__Exercise__. Copy the listing exactly, please, and keep every picture out of it.
** Opening Dataset content block **
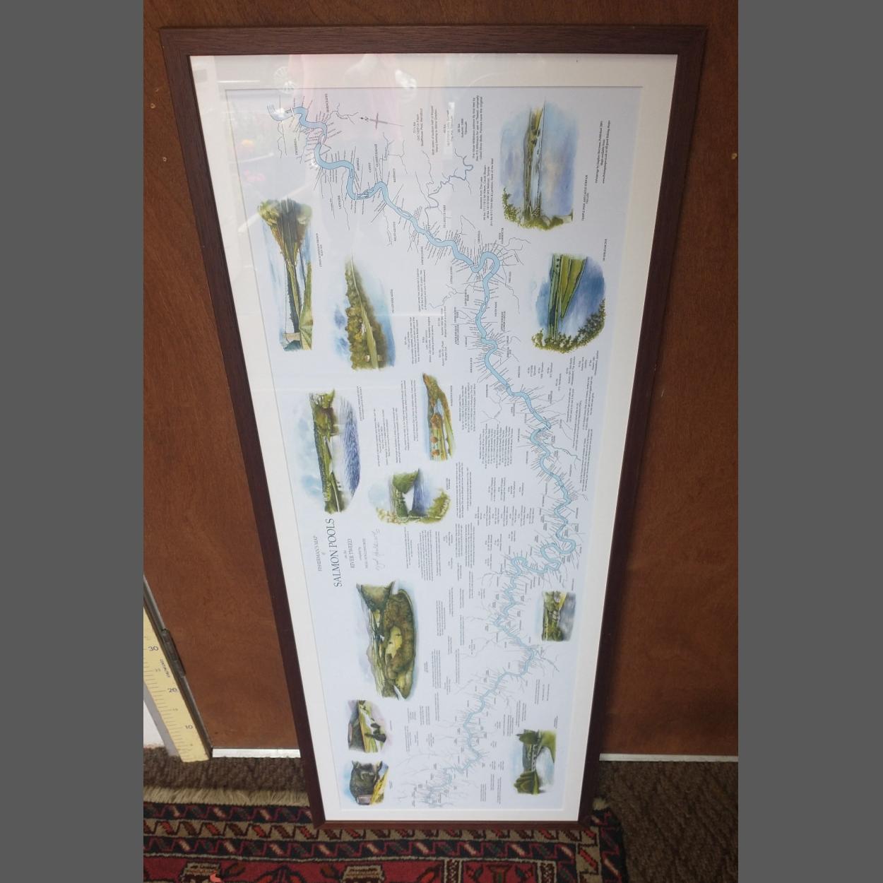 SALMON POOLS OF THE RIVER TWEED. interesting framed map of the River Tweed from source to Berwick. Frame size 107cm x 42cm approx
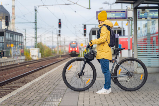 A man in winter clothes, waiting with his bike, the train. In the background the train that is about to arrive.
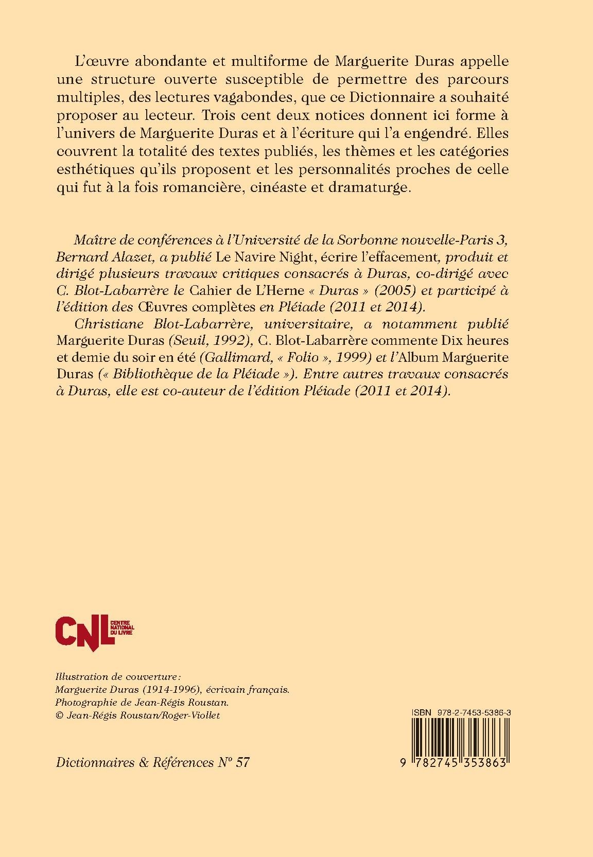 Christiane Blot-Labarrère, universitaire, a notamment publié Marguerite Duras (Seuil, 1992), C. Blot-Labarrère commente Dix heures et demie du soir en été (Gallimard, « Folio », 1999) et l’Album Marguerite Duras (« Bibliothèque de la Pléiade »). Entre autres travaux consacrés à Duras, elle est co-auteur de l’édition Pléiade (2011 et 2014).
** Closing Dataset content block **
__Task response__.
 SALMON POOLS OF THE RIVER TWEED. interesting framed map of the River Tweed from source to Berwick. Frame size 107cm x 42cm approx
 A man in winter clothes, waiting with his bike, the train. In the background the train that is about to arrive.
 Christiane Blot-Labarrère, universitaire, a notamment publié Marguerite Duras (Seuil, 1992), C. Blot-Labarrère commente Dix heures et demie du soir en été (Gallimard, « Folio », 1999) et l’Album Marguerite Duras (« Bibliothèque de la Pléiade »). Entre autres travaux consacrés à Duras, elle est co-auteur de l’édition Pléiade (2011 et 2014).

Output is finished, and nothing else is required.